Differences in bactericidal effect of OPA were found between the strains isolated each year (decreased susceptibility in the first period), but in both years the statistical differences (p < 0.05) were maintained according to whether the strains were "susceptible" to antibiotics, "resistant" (to one family of antibiotics) or "multi-resistant" (resistant to more than one family of antibiotics), exhibiting a reduction in their OPA susceptibility in parallel to an increase of their antibiotic resistance. In contrast, there were no differences depending on the type of sample (sputum, urine, faeces, pharynx) or of patient (paraplegic or ICU: adult, newborn, burn). Finally we selected 15 strains with an OPA effect below 3.5 log10 at 10 minutes and repeated the study with an OPA exposure of 15 minutes. In these conditions OPA showed a total bactericidal effect on these P. aeruginosa strains.

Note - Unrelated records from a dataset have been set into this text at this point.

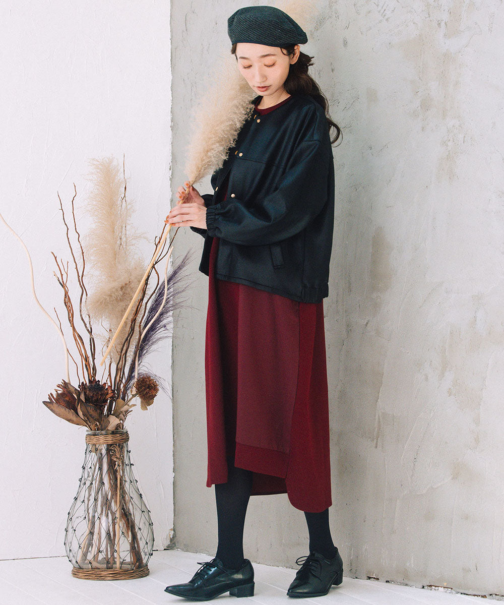 レギンスやスリムパンツを重ねれば、モード感のあるスタイリングに。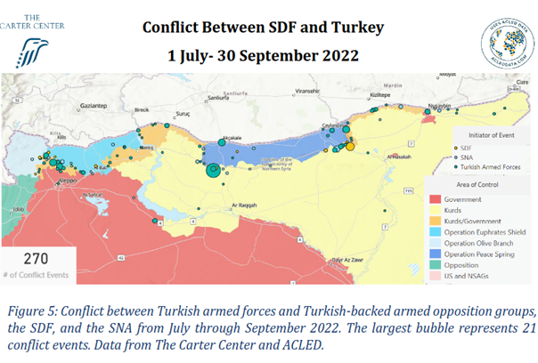 ACLED registrierte im dritten Quartal 2022 270 Konfliktfälle zwischen verschiedenen kurdischen bewaffneten Gruppen und türkischen Streitkräften oder von der Türkei unterstützten Oppositionsgruppen. Dies ist ein Rückgang um 30 % im Vergleich zum letzten Quartal. Der Rückgang erfolgte trotz der Rhetorik und der Besorgnis über einen neuen türkischen Einmarsch in Nordsyrien. Die Zahl der türkischen Drohnenangriffe ist weitgehend gleich geblieben (28 Ereignisse im zweiten Quartal und 29 im dritten Quartal). Die Angriffe beschränkten sich jedoch nicht mehr auf die Frontlinien, wo die überwiegende Mehrheit der Zusammenstöße und Beschussereignisse stattfinden; im Juli und August 2022 schlugen türkische Drohnen auf Ziele in den wichtigsten von den SDF kontrollierten städtischen Zentren und töteten Gegner (und Zivilisten) in Manbij, Kobani, Tell Abyad, Ar-Raqqa, Qamishli, Tell Tamer und al-Hassakah (CC 3.11.2022).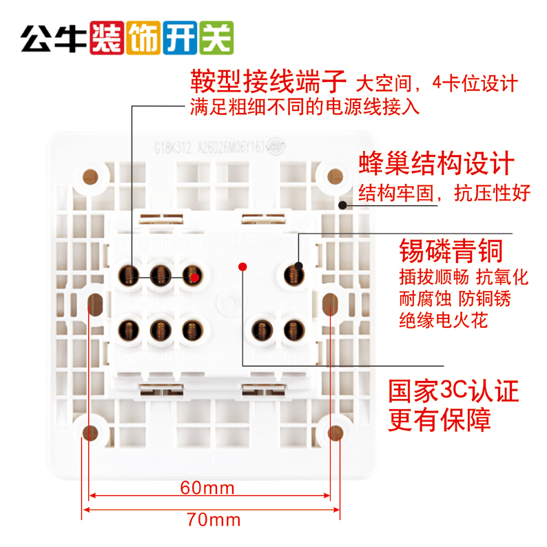 Bull switch socket power supply 86 type wall wall decoration household 3 open double triple open double cut switch panel
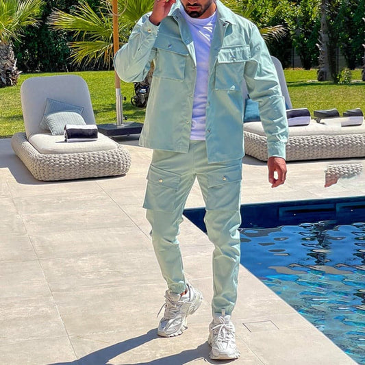 Men's Utility Jacket and Cargo Pants – Structured Fit – Multi-pocket Design – Casual Set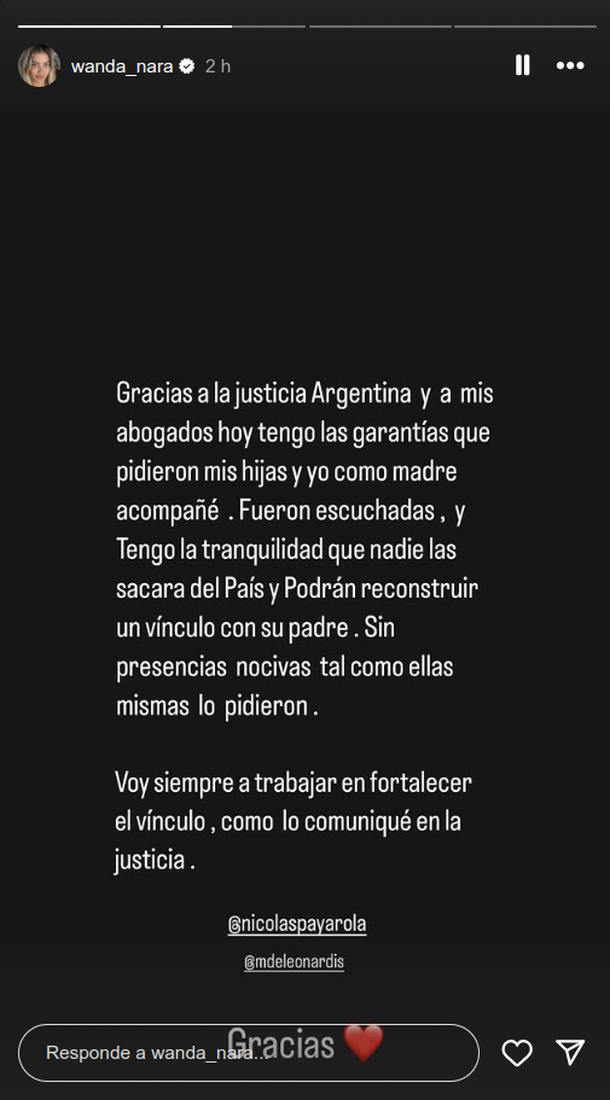 "Gracias a la justicia argentina y a mis abogados hoy tengo las garantías que pidieron mis hijas, y yo como madre acompañé. Fueron escuchadas, y tengo la tranquilidad de que nadie las sacará del país y podrán reconstruir un vínculo con su padre", expresó Wanda Nara a través de su perfil de Instagram, donde todo el verano publicó los capítulos de su drama familiar.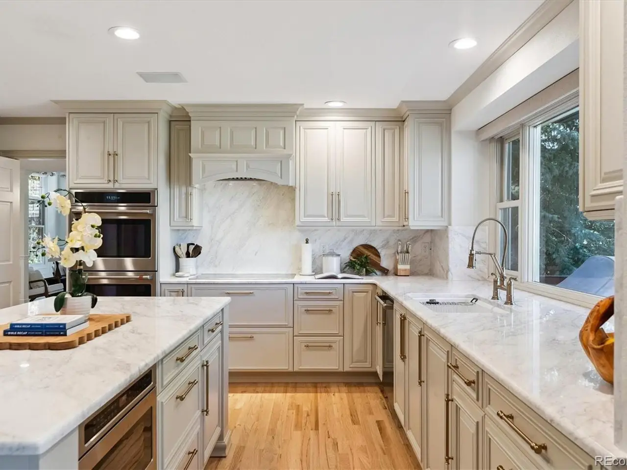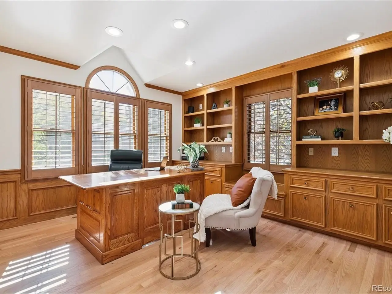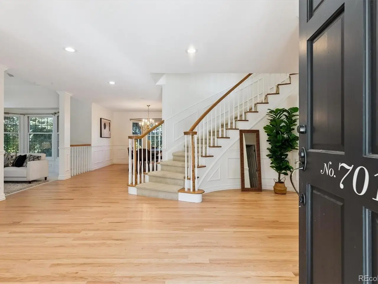 Executive Home in Homestead at Willows End. Nestled on a private circle backing to open space with sweeping Front Range views, this stately brick residence combines timeless architecture with modern luxury. A rare layout offers four bedrooms on the same floor, each with an en suite bath, plus a private fifth guest suite on the lower level. The expansive primary retreat includes a private deck, dual walk-in closets, and a luxurious five-piece bath. The newly remodeled 2025 gourmet kitchen features custom cabinetry, dolomite counters, a large island, walk-in pantry, and GE Café appliances, including an induction range, dual ovens, vent hood, under-counter microwave, and dishwasher. The breakfast area opens to a covered deck overlooking the professionally landscaped yard and open space. Plantation shutters and a whole-house surround sound system allow you to control light and sound throughout the home. Refinished hardwood floors connect the bright main level, which includes a private office, dining room, living room with tray ceiling and fireplace, and a sunken family room with built-in shelving and hearth. Two powder rooms, a large mudroom with a secondary front entry, and a second stairway leading to a bonus room—ideal for a studio, playroom, or secondary home office—add exceptional functionality. The finished walkout basement is designed for entertaining, complete with a wet bar, media center, built-in speakers, and space for billiards. A large fifth bedroom provides separation and privacy for guests, while additional unfinished areas offer space for a workshop, storage, and mechanical systems, including dual HVAC units, A/C, a whole-house generator, and a utility room. Residents enjoy priority membership applications to Homestead in the Willows amenities, including pools, tennis courts, community events, and direct trail access to 120 acres of South Suburban open space. Conveniently located minutes from DTC, Greenwood Village, and The Streets at South Glenn, and served by award-winning Cherry Creek Schools—Homestead Elementary, West Middle, and Cherry Creek High. A rare opportunity to own a refined retreat that perfectly blends elegance, lifestyle, and location.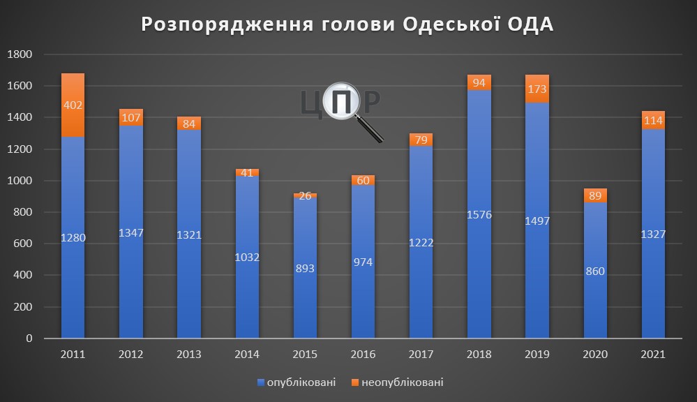 За 2021 рік на сайті Одеської ОДА опубліковано 1 тис. 327 розпорядження, що складає 92%.
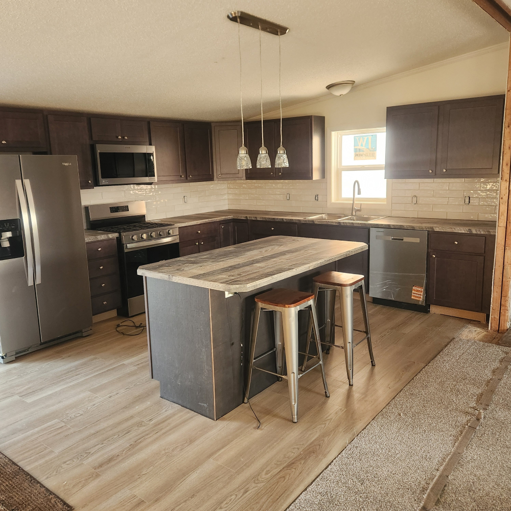 A typical home that we have refurbished as needed likely may include new shingles, new siding, new windows, and interior may include new flooring, new paint, repairs as needed. Each home will be delivered and set at your location.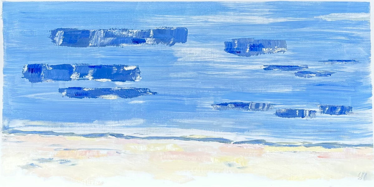 Die Wolken stehen für eine sich ständig verändernde Welt. Die Wolken warten auf niemanden. Jeder Augenblick wird von einem anderen abgelöst. Wir balancieren dazwischen auf dem schmalen Grat der Gegenwart zwischen dem „nicht mehr“ der Vergangenheit und dem „noch nicht“ der Zukunft.“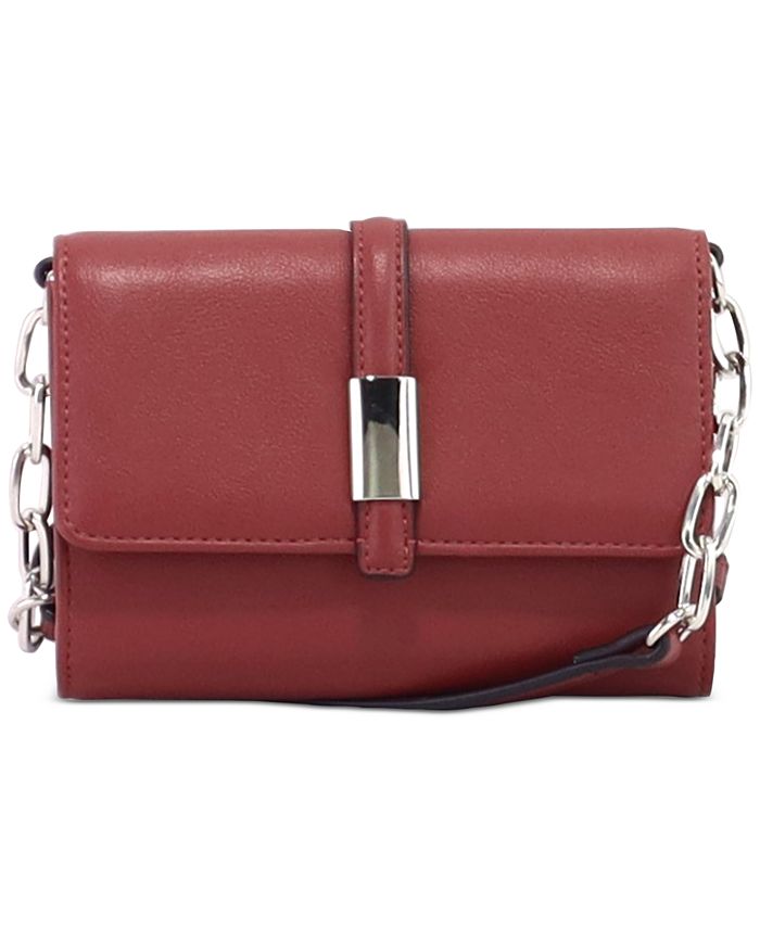 7W x 5H x 1-1/4D; 0.73 lbs. approx. weight|25-1/2L adjustable & removable crossbody strap|Magnetic flap closure|Silver-tone exterior hardware & 1 back zip pocket|1 interior zip pocket & 5 credit card pockets| fits up to an Iphone 13 Pro Max|Bag converts from crossbody to wallet by removing strap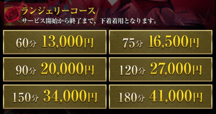 料金は衣装によって異なり、ランジェリー着用コースの60分13,000円から用意されています。

There was an association between antibiotic resistance and decreased OPA susceptibility. This normally does not require an increase in disinfection time, but, for endoscope disinfection or instruments from colonized/infected patients with resistant/multiresistant P. aeruginosa, we consider it better to use 15 min of OPA. Regular tests (e.g., once every 12 months) with germ-carriers, should be performed to assess ecological changes in susceptibility to high level disinfectants and must include not only ATCC strains, but also recently isolated microorganisms with different antibiotic sensitivities (susceptible, resistant and multi-resistant).